# Rescue puppy behaviour getting worse??



## Kez (Mar 8, 2016)

So I am very new to this game - I had dogs all my life growing up but now I've adopted my own little (not that little) English Staffordshire terrier / pointer mix puppy (four months old) I am realising a lot of hard work went into making my family pets so perfectly behaved, and not mine!

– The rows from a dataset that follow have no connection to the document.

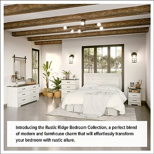 Details: Amplify your bedroom with the functionality and modern style of the Prepac Rustic Ridge Farmhouse Nightstand. This stylish bedside table with real wood pine drawer sides features an open cubby and two drawers and fits neatly beside your bed or sofa to offer a convenient and stylish way to keep your essentials close by during bedtime or nap time. Boasting a two-tone, whitewash finish with semi-matte black pulls and a rustic gray planked oak grain top, this bedroom nightstand complements any bedroom or living room with its rustic charm and touch of industrial style. The open cubby provides ample display space or can hold a storage bin for convenient bedside organization, and the two smooth-gliding drawers extend far out for easy access to the contents inside while maintaining safety. Constructed from durable engineered wood with a sturdy MDF backer and decorative laminate finish, this high-quality industrial nightstand withstands years of reliable bedroom organization. The bedside nightstand measures 16.25in x 18.75in x 24.5in when assembled for the perfect fit beside any bed, sofa, desk, or small space that could use a delightfully homespun charm.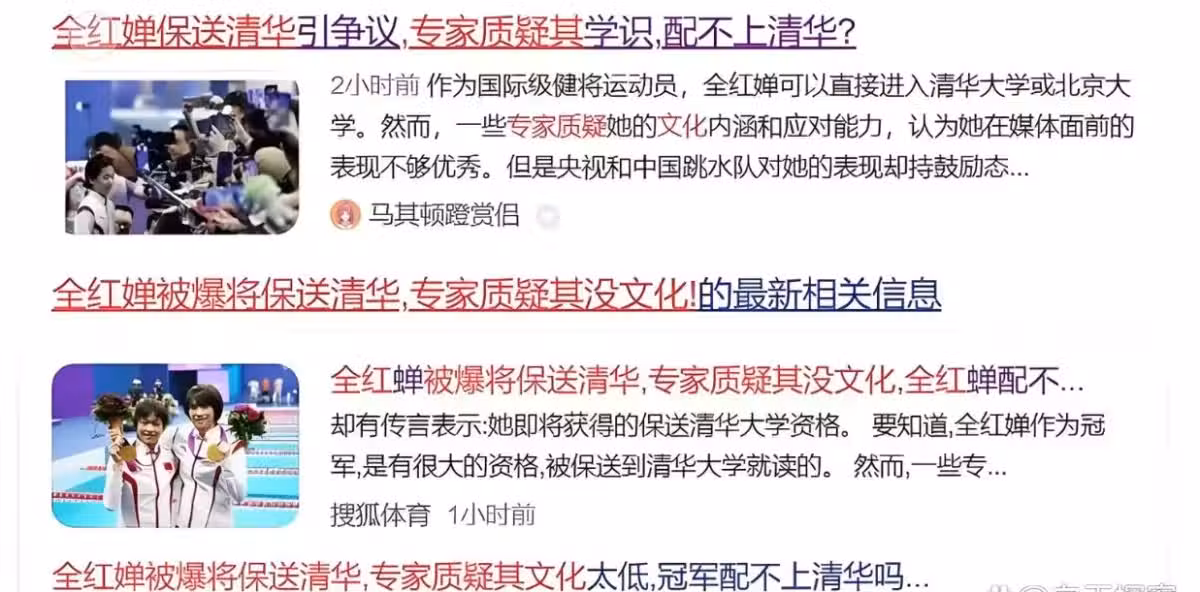 劉翔2005年保送華東師大時,網友還在用諾基亞敲鍵盤;張怡寧進北體大那年,微博還沒誕生。怎麼輪到全紅嬋,輿論就炸了?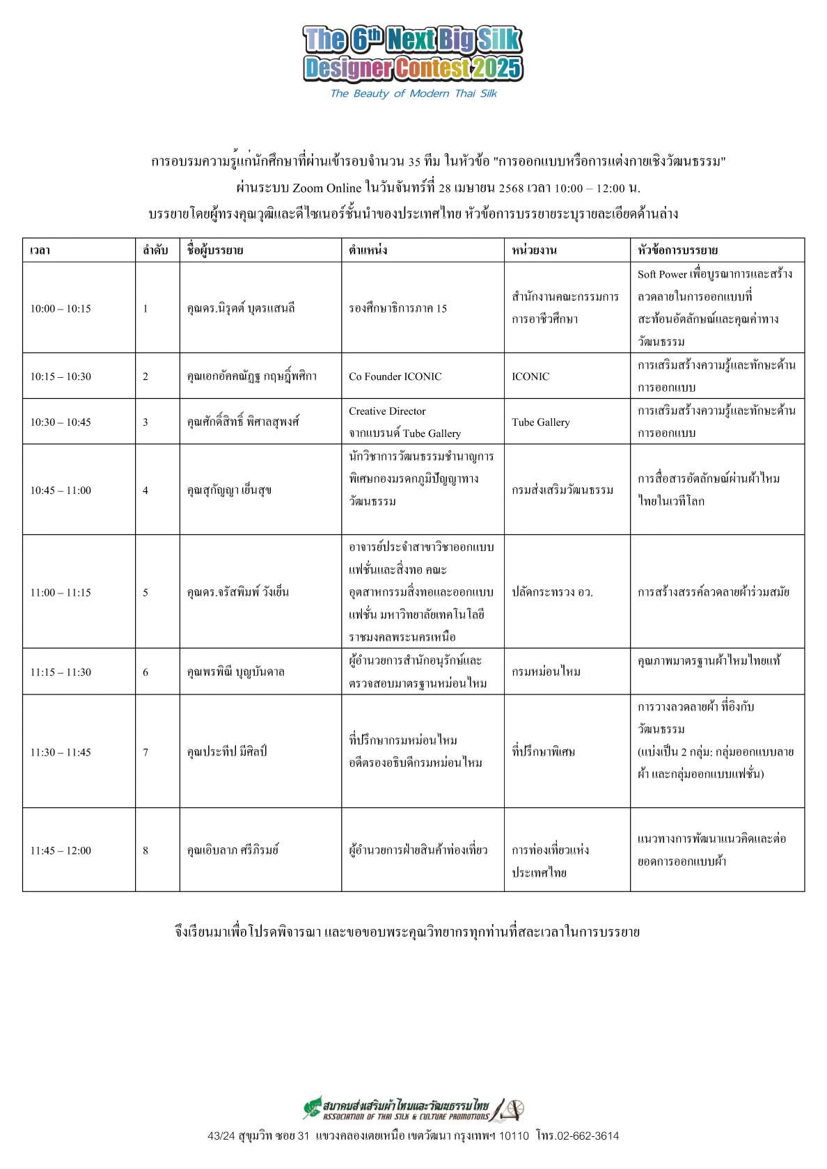 • กำหนดการอบรม สำหรับนักศึกษาที่ผ่านเข้ารอบ The Next Big Silk Designer Contest ครั้งที่ 6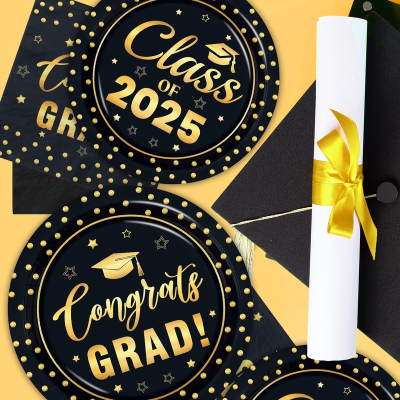 - 【Occasions】Graduation plates and napkins sets are perfect for 2025 graduates of primary school, high school, college, master, PhD and other graduation ceremonies. Impress your guests and have an amazing and unforgettable time!
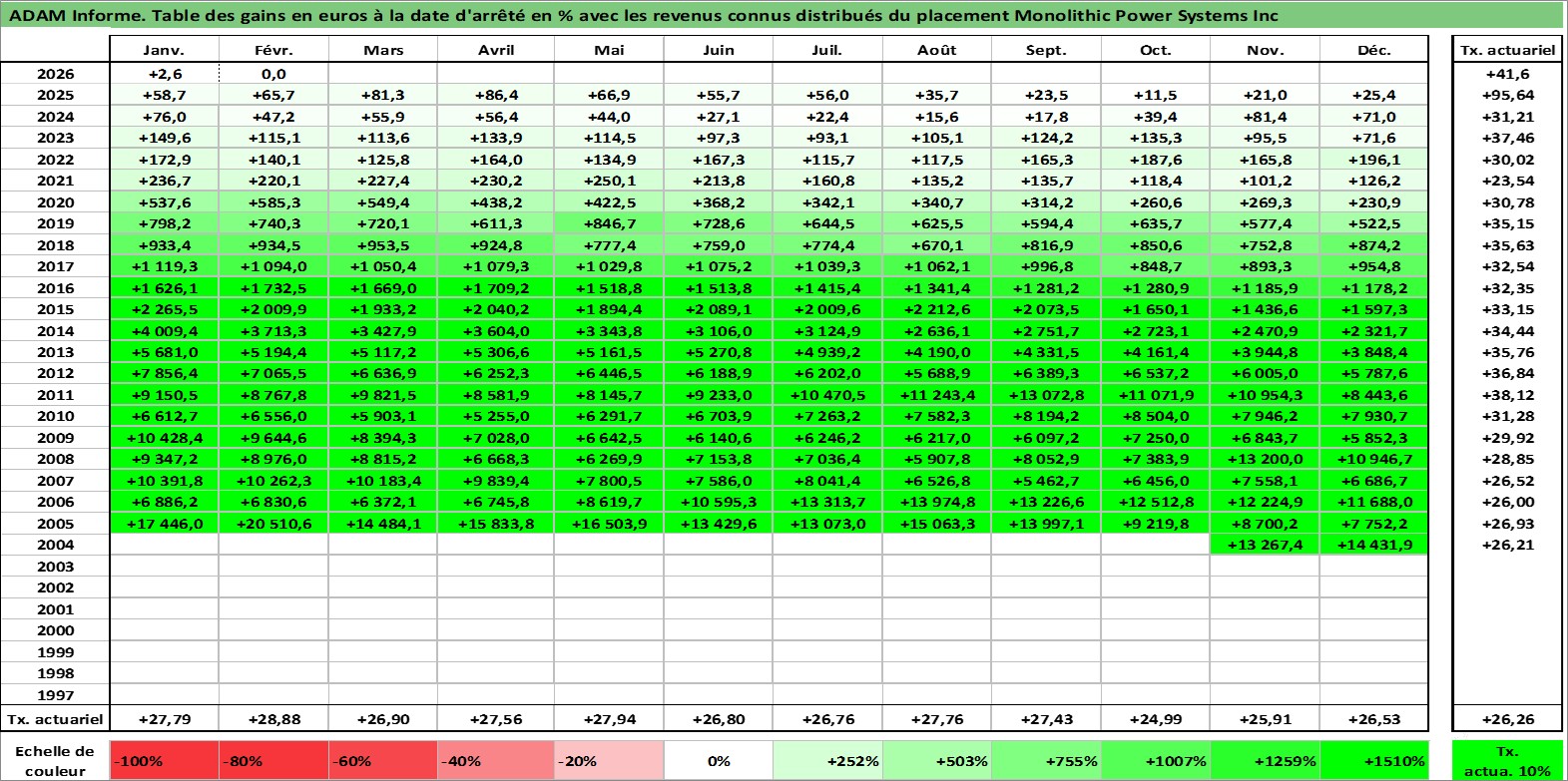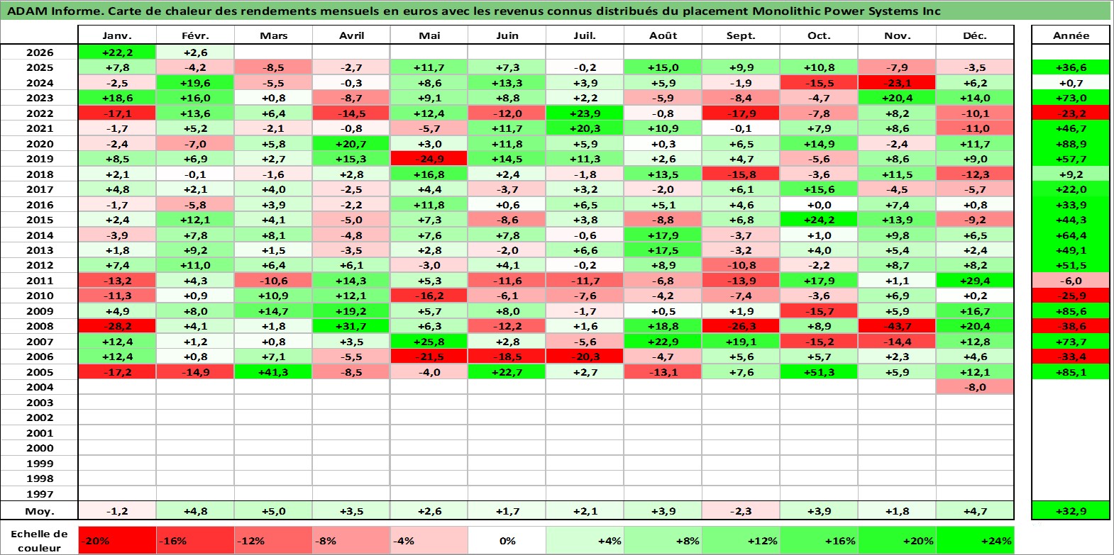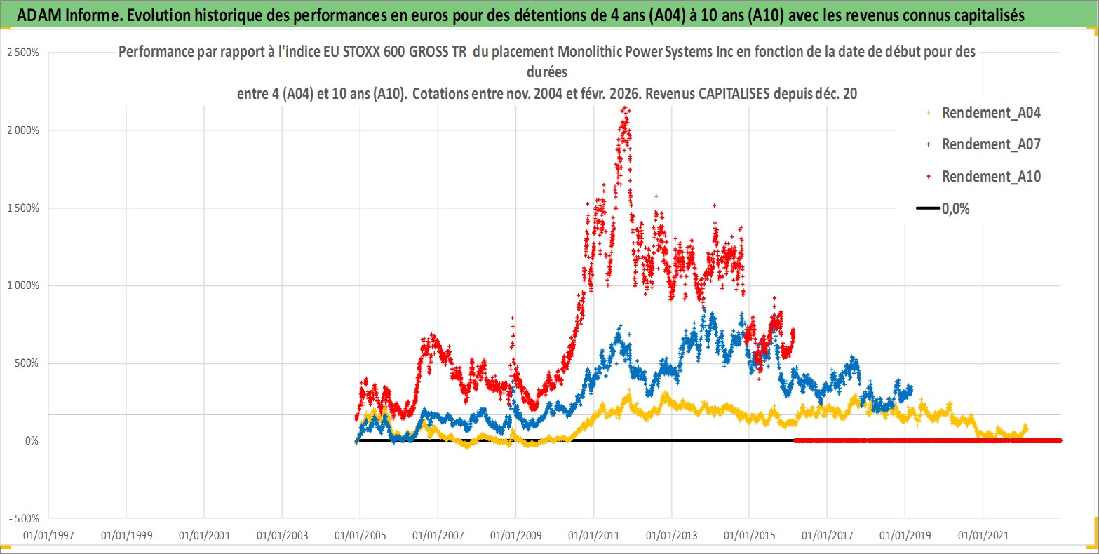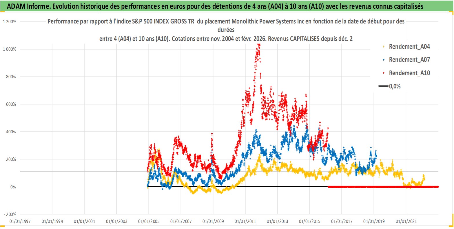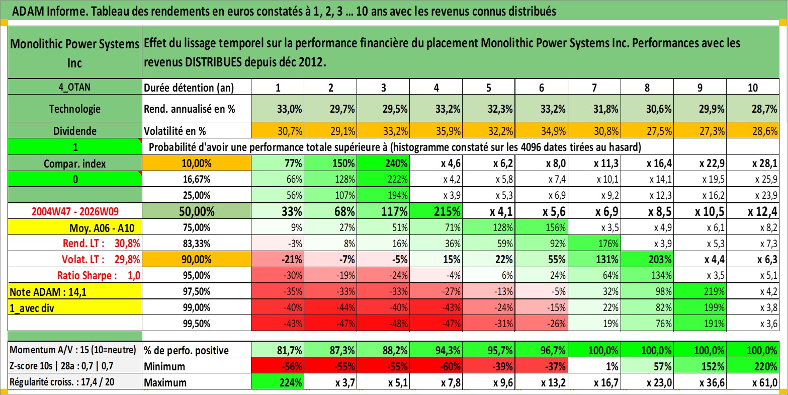 Site dédié aux investisseursPage dédiée sur site financeAnalyse des valorisations hebdomadaires de l'action Monolithic Power Systems Inc. Cet actif est cote en USD. Les valorisations sont en contrevaleur EURO et couvrent les semaines 2004W47 a 2026W09. Les revenus de cet actif financier sont pris en compte depuis la semaine 2012W51. La note ESG de cet actif n'est pas connue.

We've had her three days and she's already picking up on house training (no accidents today!), sit and fetch. She's also super happy and affectionate towards anyone who comes into the home. Because she's just been spayed and because she isn't fully vaccinated yet we're not spending as much energy on walks etc. as she really needs, and I don't know if it's boredom or if she's feeling more relaxed or what but her behaviour is getting progressively more difficult - what prompted me to write this was after two nights of going willingly to bed in the small room next to mine and sleeping the whole night through she is now crying and refusing to sleep anywhere but curled up with me on the sofa. She's also starting to yip and whine after a couple of days' total quiet. I'm working hard on ignoring bad behaviour and rewarding good, but what do you think - is this just going to get worse? Is it a bad sign she's acting up more or is it a sign of her getting more confident around us? More importantly, how do I nip it in the bud?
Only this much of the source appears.